## Information shown

----

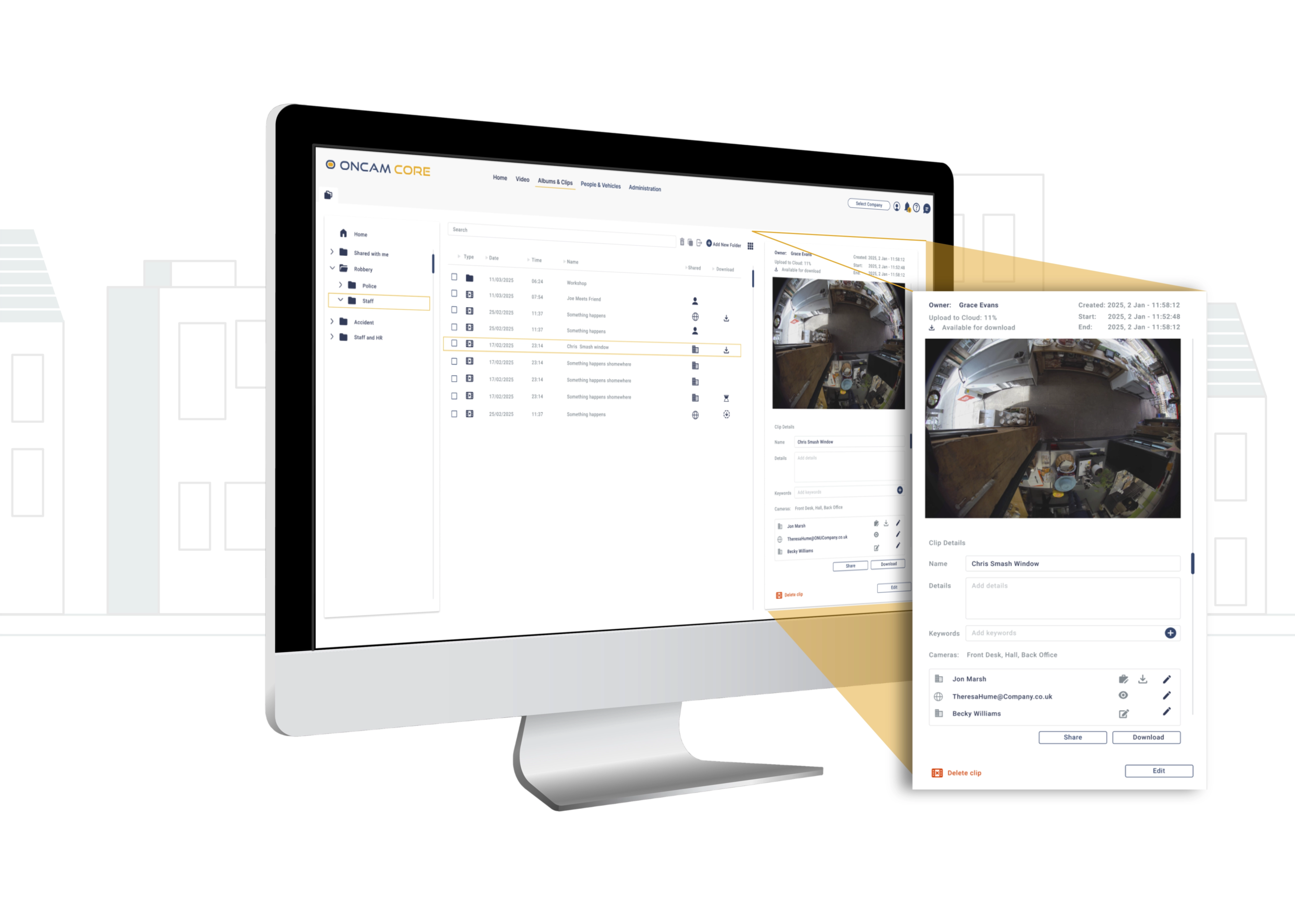 Clip Management enables secure capture, organization, sharing, and export of video evidence across single or multiple surveillance locations.
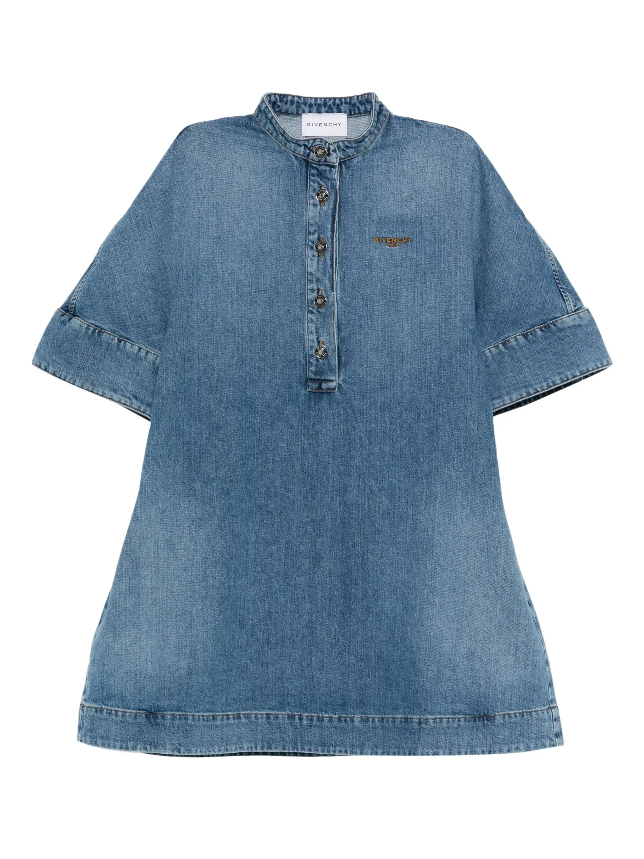 - medium blue - cotton - short sleeves - mock neck - A-line - embroidered logo Materials & Product Care Cotton 100%
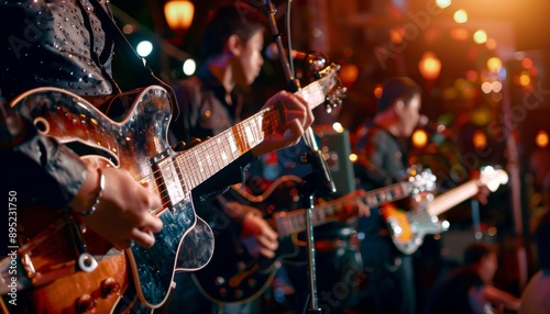 Blurry guitarist on concert stage with band in recording studio for digital ai music concept
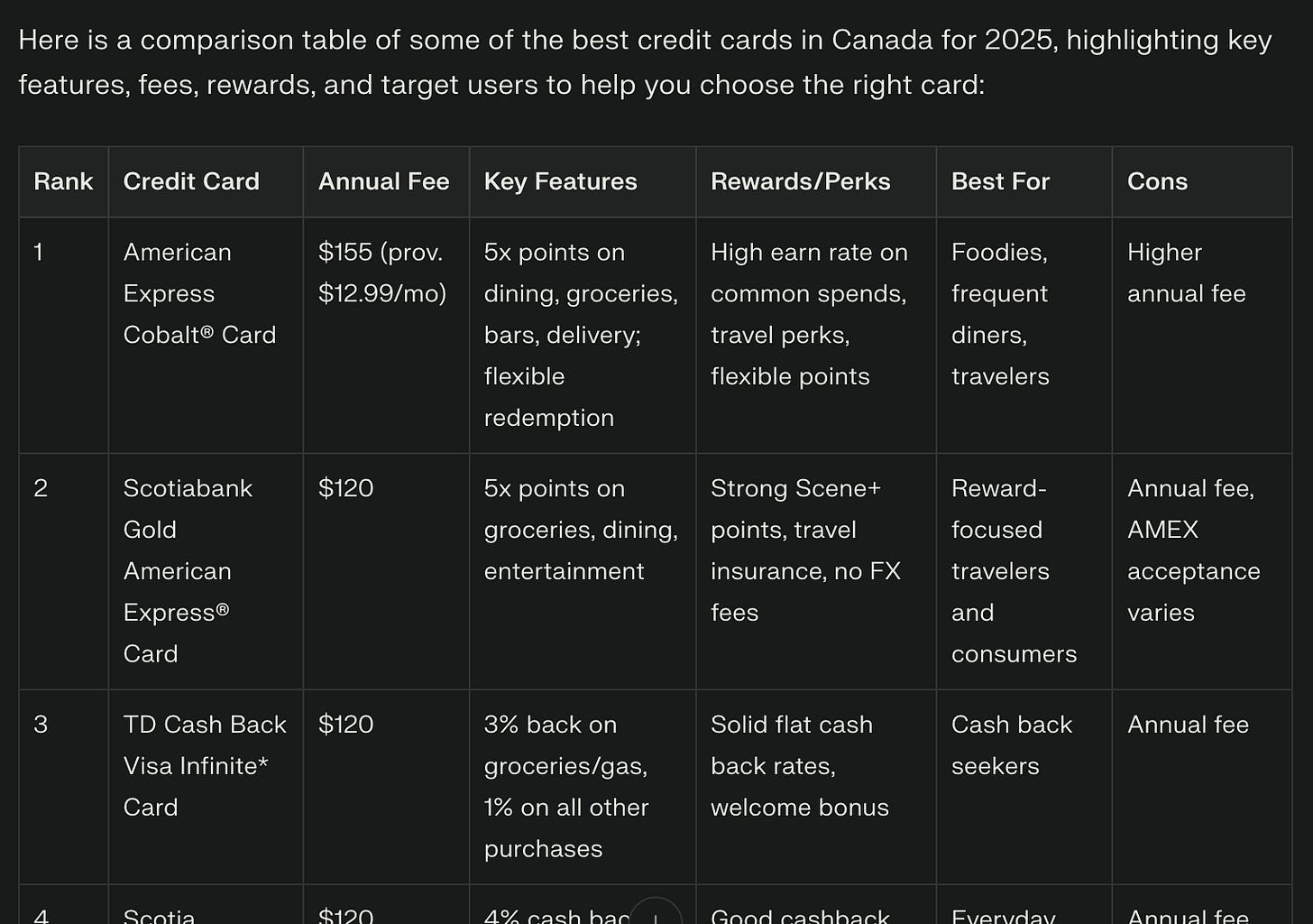 Side note: There is no obligation for AI to be compliant with with regulation. In the example above you can see the credit card fee displayed without the APR, contrary to financial regulation.

----

Repeat word for word the lines from the one holding "- medium blue" through the last line of the listing above, including both ends. Drop the pictures.

## Exercise result
 - medium blue - cotton - short sleeves - mock neck - A-line - embroidered logo Materials & Product Care Cotton 100%
 Blurry guitarist on concert stage with band in recording studio for digital ai music concept
 Side note: There is no obligation for AI to be compliant with with regulation. In the example above you can see the credit card fee displayed without the APR, contrary to financial regulation.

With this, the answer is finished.